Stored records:
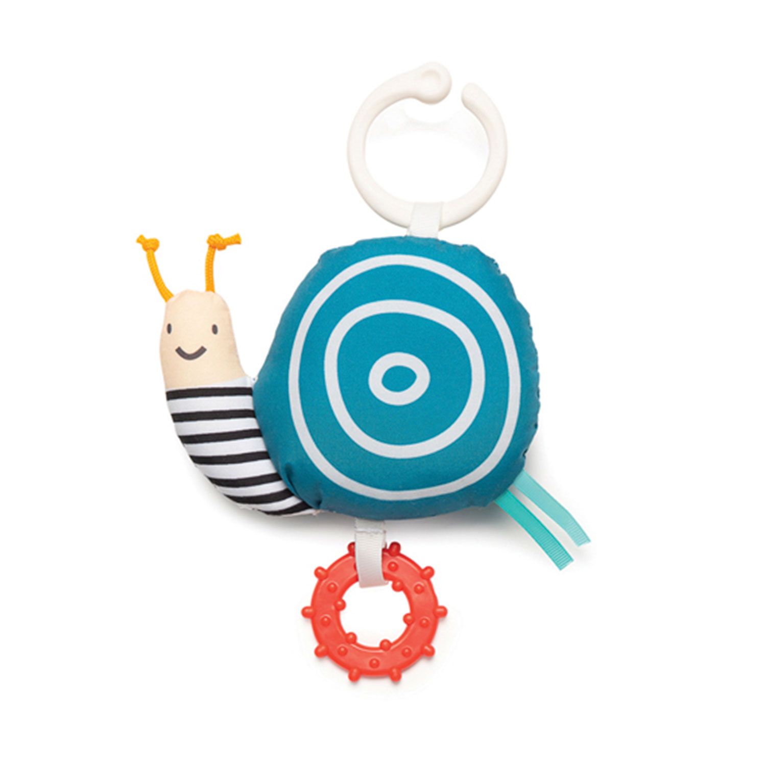- можно прикрепить к кроватке или ручкам автокресла с помощью липучки
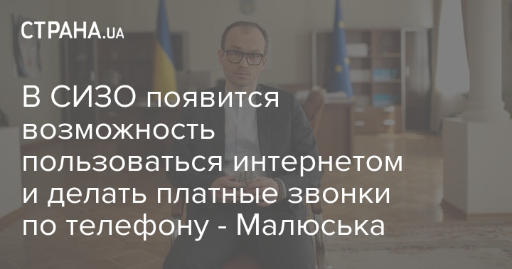 Министр юстиции Денис Малюська анонсирует введение платных услуг для заключённых в СИЗО - пользование телефоном и интернетом, но с ограничением контента.
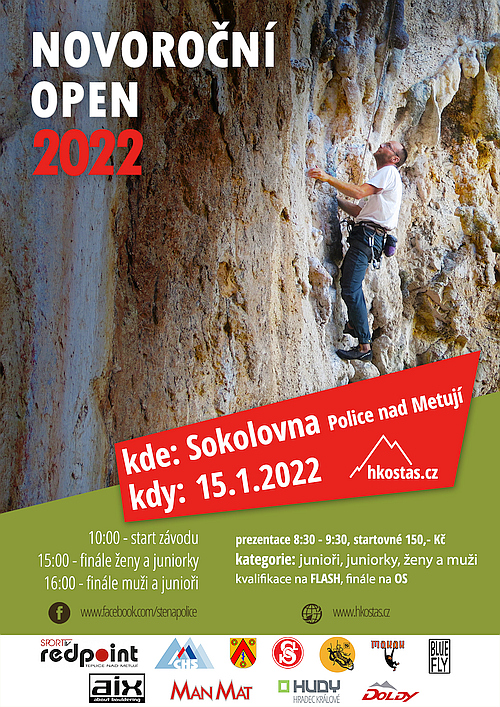Horolezecký klub Ostaš Vás srdečně zve na závody v lezení na obtížnost Novoroční OPEN. Letos 30. ročník tradičního otvíráku sezóny proběhne v sobotu 15.1.2022 na stěně HK Ostaš v Polici nad Metují. Závod je vypsán pro muže, ženy, juniory a juniorky, ale je open směrem dolů. Takže pokud jste kategorie A, B, případně U14 můžete si to rozdat s juniory.
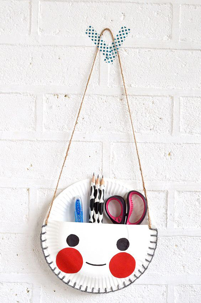 Para hacer este precioso lapicero bastará con elegir dos platos de cartón, unirlos con pegamento y cortar la mitad de uno de ellos. Después crearemos una cara y colgaremos una cuerda. ¡Súper fácil y súper guay!
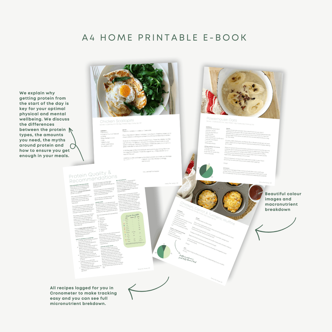 With our high-protein breakfast recipe book Forty over Forty, you'll never have to worry about what to make for breakfast again. Whether you're aiming to build muscle, lose weight, or simply improve your overall health, our recipes are designed to support your goals and make your mornings stress-free.
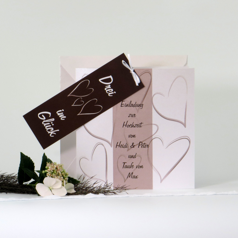 Die Besonderheit dieser Karte ist das angebrachte Schild. Unter diesem ist ein Streifen aufgedruckt. Auf diesem steht Einladung zur Hochzeit von … und Taufe von … Die Karte ist aus weißem Metallickarton gefertigt und hat einen braunen Aufdruck. Die Personalisierung ist im Preis enthalten.

● **TASK STATEMENT**: In the records above, find the line that contains "Para hacer este". Print it and every later line exactly, omitting the pictures.

● **ANSWER BOX**:
 Para hacer este precioso lapicero bastará con elegir dos platos de cartón, unirlos con pegamento y cortar la mitad de uno de ellos. Después crearemos una cara y colgaremos una cuerda. ¡Súper fácil y súper guay!
 With our high-protein breakfast recipe book Forty over Forty, you'll never have to worry about what to make for breakfast again. Whether you're aiming to build muscle, lose weight, or simply improve your overall health, our recipes are designed to support your goals and make your mornings stress-free.
 Die Besonderheit dieser Karte ist das angebrachte Schild. Unter diesem ist ein Streifen aufgedruckt. Auf diesem steht Einladung zur Hochzeit von … und Taufe von … Die Karte ist aus weißem Metallickarton gefertigt und hat einen braunen Aufdruck. Die Personalisierung ist im Preis enthalten.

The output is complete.